= Supportive communication =

Support in distressing times

Supportive communication is the support given, both verbal and nonverbal, in times of stress, heartbreak, physical and emotional distress, and other life stages that cause distress. The intention of this support is to assist those seen as being in need of such support. For example, individuals could be struggling with anger, frustration, hurt, and also physical distress, and Supportive Communication becomes a strategy utilized to help individuals cope with those feelings and experiences. At times, individuals do not like facing things alone, so they will seek Supportive Communication from family, friends, and other trusted sources. At other times, individuals such as family and friends will offer Supportive Communication to someone they feel is in need of such support. The impact of Supportive Communication has varied in research studies partially due to the reception of the communication. An individual may not receive the support in the intended way, or it may dredge up previous stress emotions and intensify them. The field of social support is still relatively new with the typologies below being discussed as recent as the mid to late 1970s.

== Background ==
The research on the topic of supportive communication, or variations thereof, have fairly recent beginnings with most of the heavy research beginning in the mid to late 1970s. Early research recognized the role of communication in helping others specifically as a role of social support, which also garnered quite a bit of attention in this time period. As a form of social support, scholars found that, unlike the sociological and psychological perspectives of social support, the supportive communication aspect served a specific role in actual communication of support unlike the psychological perspective which is the perceived belief of support or the sociological perspective which is considered more of the role of social integration.

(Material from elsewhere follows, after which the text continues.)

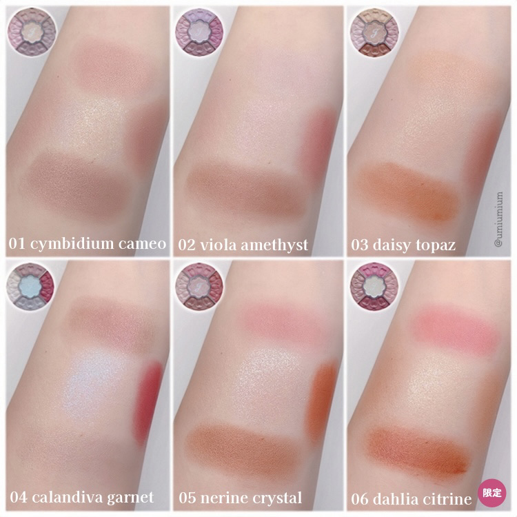 大人気のマシュマロフィニッシュパウダー~Abloom~に繊細パールを配合したツヤ肌仕上がりのパウダーが仲間入りしました! 既存Abloomと同じく中身はセットされた5色を混ぜて使うタイプ!肌のくすみや色ムラを補正してくれてトーンアップ*してくれるんです。 01 ハイドレンジアガーデンは淡いラベンダーカラーで透明感*を与えてくれて儚げな印象に。
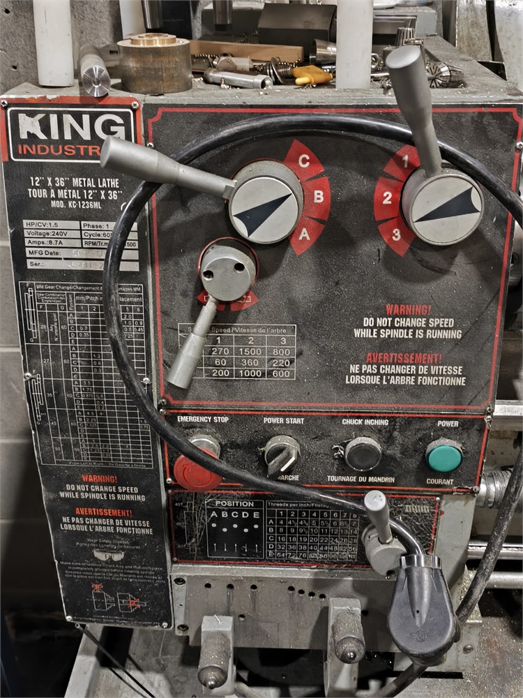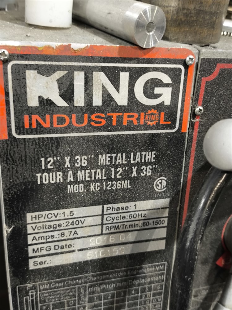 12" x 36" Gearhead Metal Lathe King Industrial Model: KC-1236ML. Accessories included and See Pictures. Tested

Research in Supportive Communication has utilized a typology of supportive behaviors created in the 1970s and 80's which includes emotional, esteem, network support, informational, and tangible. Through these typologies, researchers have been able to better study the impact of each of the support types.

== Types ==

=== Nurturant support ===

==== Emotional ====
This type of supportive communication would be utilized to help those who are experiencing emotional distress. This emotional distress could be due to many environmental factors, some are listed above, but are all emotional stressors. The goal would be to help alleviate the pain on an emotional level, but cannot help necessarily on a physical level.

==== Esteem ====
The esteem type of supportive communication, in contrast to emotional supportive communication, would encourage the individual in need of support on a different level. This type of support would enhance the individuals feelings towards themselves. The support would highlight the individuals accomplishments, abilities, and/or their attributes in an effort to provide support when the supporter recognizes the need of social support.

==== Network ====
Network support is a type of support that gives the individual a sense of belonging among a group of individuals who may have experienced the same stressors that the individual is currently going through. This can be found by creating a group of individuals the person already knows, or joining a support group specifically categorized by the type of support the individual needs.

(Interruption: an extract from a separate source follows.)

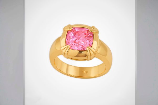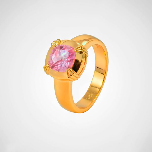 Este anillo enchapado en oro destaca por su deslumbrante diseño y su imponente presencia. Su estructura pulida sostiene una piedra central rosa de corte cojín, intensamente brillante, asegurada por cuatro engastes robustos en forma de garra que evocan fuerza y estilo. La combinación del tono dorado con el brillo vibrante del zircon rosa crea una pieza que refleja sofisticación y feminidad con carácter.

=== Action-facilitating support ===

==== Informational ====
On the other end of the spectrum from emotional or esteem, informational support is focused more on practical application of the support that is given. The practical applicability of this type of support can range from advice on what to do to feedback on what should not have been done. This type of support is also known as an action-facilitating support type which has the main goal of helping to solve the problem that is causing the stress.

==== Tangible ====
This type of support, much like the informational support, is considered an action-facilitating support type. The difference in tangible and informational is the action of assisting instead of just the advice, or verbal support. Tangible support would seek to provide money, housing, transportation, or other such services to help alleviate stressors in the individuals life.

== Supportive communication in business ==
Supportive communication helps employees to communicate accurately and honestly without jeopardizing interpersonal relationships. Supportive communication aims to preserve the relationship employees have even if management or other employees have to correct or point out a mistake in someone's actions.

== Social media ==
Social media has created a platform not only for sharing information, but also for individuals to seek Supportive Communication. Positive affirmation and communication in Social Media platforms have been linked in positive psychological benefits, reinforcing the idea of Supportive Communication helping in an emotional state. Social Media has also created for individuals the idea of social capital where individuals believe they have created a network that they can rely on when support is needed. Looking at the definition above for Social support, we can see how social media can potentially provide emotional, informational, esteem, and even network support.

With the open source structure of social media, a world of communication is opened for both positive and negative reinforcement. Bullying has become a prevalent concern when discussions occur regarding social media. Cyber bullying can occur because of race, sexual orientation, age, and political preference, among other attributes. Bullied individuals, specifically, can experience real life impact outside the digital world. This experience, without the Supportive Communication of their network, can lead to stress, anxiety, and other social factors impacting their daily lives. Emotional, informational, esteem, and network supportive communication can be an especially beneficial to the individuals experiencing the bullying as they receive the communication they are valued and cared for.